- _Supplied information_:
'''

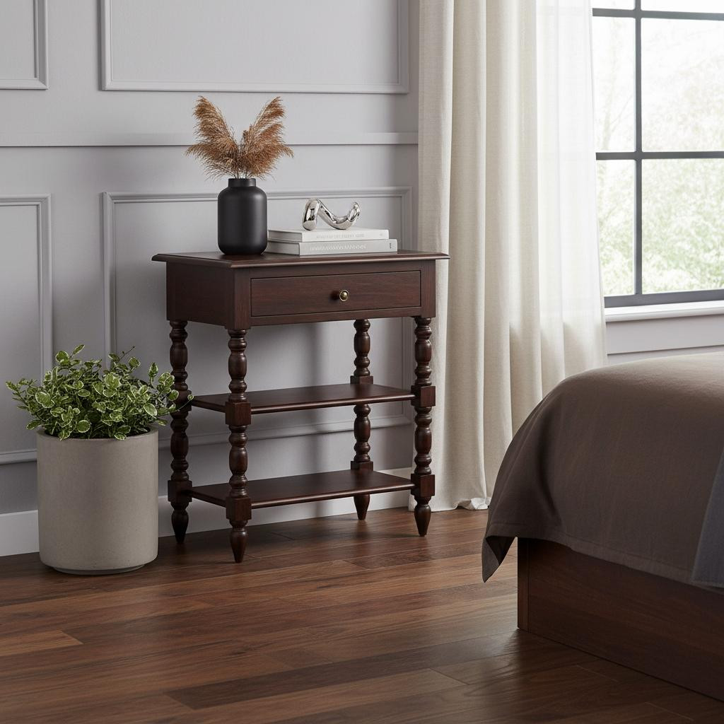 Make your room functional and visually enticing with this masterful 24-inch brown solid wood two drawer dresser. This horizontal standard dresser has a convenient and wide top area for your getting ready needs and supplies. This dresser is built to last from high quality solid wood,. 27.60-inch h x 23.60-inch w x 13.80-inch d.
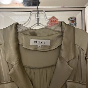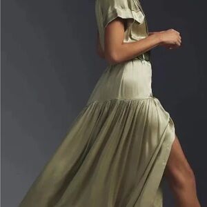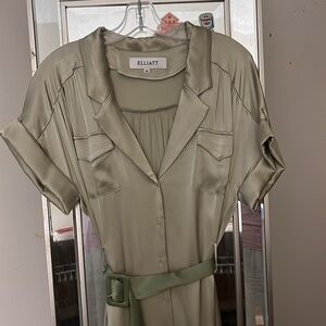 This size XL Anthropologie (Elliott) dress is absolutely stunning in light moss green. Made of 100% Viscose (including the belt) which gives it a beautiful sheen. Button down. Is true to size. Two upper pockets. Worn once but has no flaws or pulls in fabric. The attached belt is a deeper green which is a stunning contrast. She’s a beauty. No longer fits me.
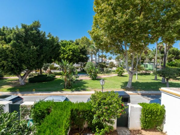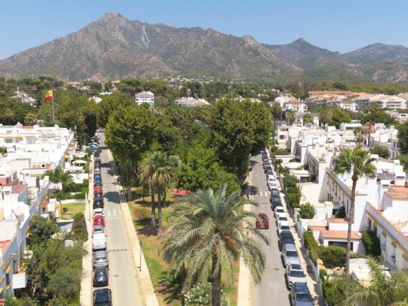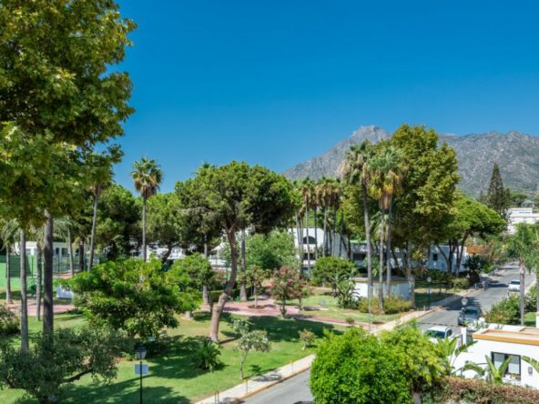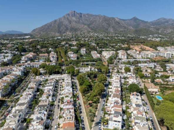 Stunning five-bedroom townhouse is located in the prestigious Marbellamar community on Marbella’s exclusive Golden Mile, just 50 meters from the beach. Recently renovated to the highest standards, it showcases elegant contemporary design and impeccable finishes throughout. The main level offers a spacious open-plan living and dining area opening onto a private terrace ideal for relaxing or entertaining, along with a fully equipped modern kitchen, laundry area, guest toilet, and guest bedroom. The first floor comprises three bedrooms, including one with an en-suite bathroom and private terrace, while the other two share a family bathroom. The upper level features an additional guest suite with access to a large solarium boasting panoramic sea and mountain views. Additional highlights include air conditioning, fitted wardrobes, and marble floors. Residents of Marbellamar enjoy beautifully maintained gardens, a large swimming pool, paddle and tennis courts, a children’s playground, and 24-hour security. With shops, restaurants, schools, and the iconic Marbella Club within walking distance, this property offers an exceptional opportunity for luxury coastal living or an outstanding rental investment on the Golden Mile.

'''

The aim is an exact repeat of the entire listing, stripped of pictures.

 Make your room functional and visually enticing with this masterful 24-inch brown solid wood two drawer dresser. This horizontal standard dresser has a convenient and wide top area for your getting ready needs and supplies. This dresser is built to last from high quality solid wood,. 27.60-inch h x 23.60-inch w x 13.80-inch d.
 This size XL Anthropologie (Elliott) dress is absolutely stunning in light moss green. Made of 100% Viscose (including the belt) which gives it a beautiful sheen. Button down. Is true to size. Two upper pockets. Worn once but has no flaws or pulls in fabric. The attached belt is a deeper green which is a stunning contrast. She’s a beauty. No longer fits me.
 Stunning five-bedroom townhouse is located in the prestigious Marbellamar community on Marbella’s exclusive Golden Mile, just 50 meters from the beach. Recently renovated to the highest standards, it showcases elegant contemporary design and impeccable finishes throughout. The main level offers a spacious open-plan living and dining area opening onto a private terrace ideal for relaxing or entertaining, along with a fully equipped modern kitchen, laundry area, guest toilet, and guest bedroom. The first floor comprises three bedrooms, including one with an en-suite bathroom and private terrace, while the other two share a family bathroom. The upper level features an additional guest suite with access to a large solarium boasting panoramic sea and mountain views. Additional highlights include air conditioning, fitted wardrobes, and marble floors. Residents of Marbellamar enjoy beautifully maintained gardens, a large swimming pool, paddle and tennis courts, a children’s playground, and 24-hour security. With shops, restaurants, schools, and the iconic Marbella Club within walking distance, this property offers an exceptional opportunity for luxury coastal living or an outstanding rental investment on the Golden Mile.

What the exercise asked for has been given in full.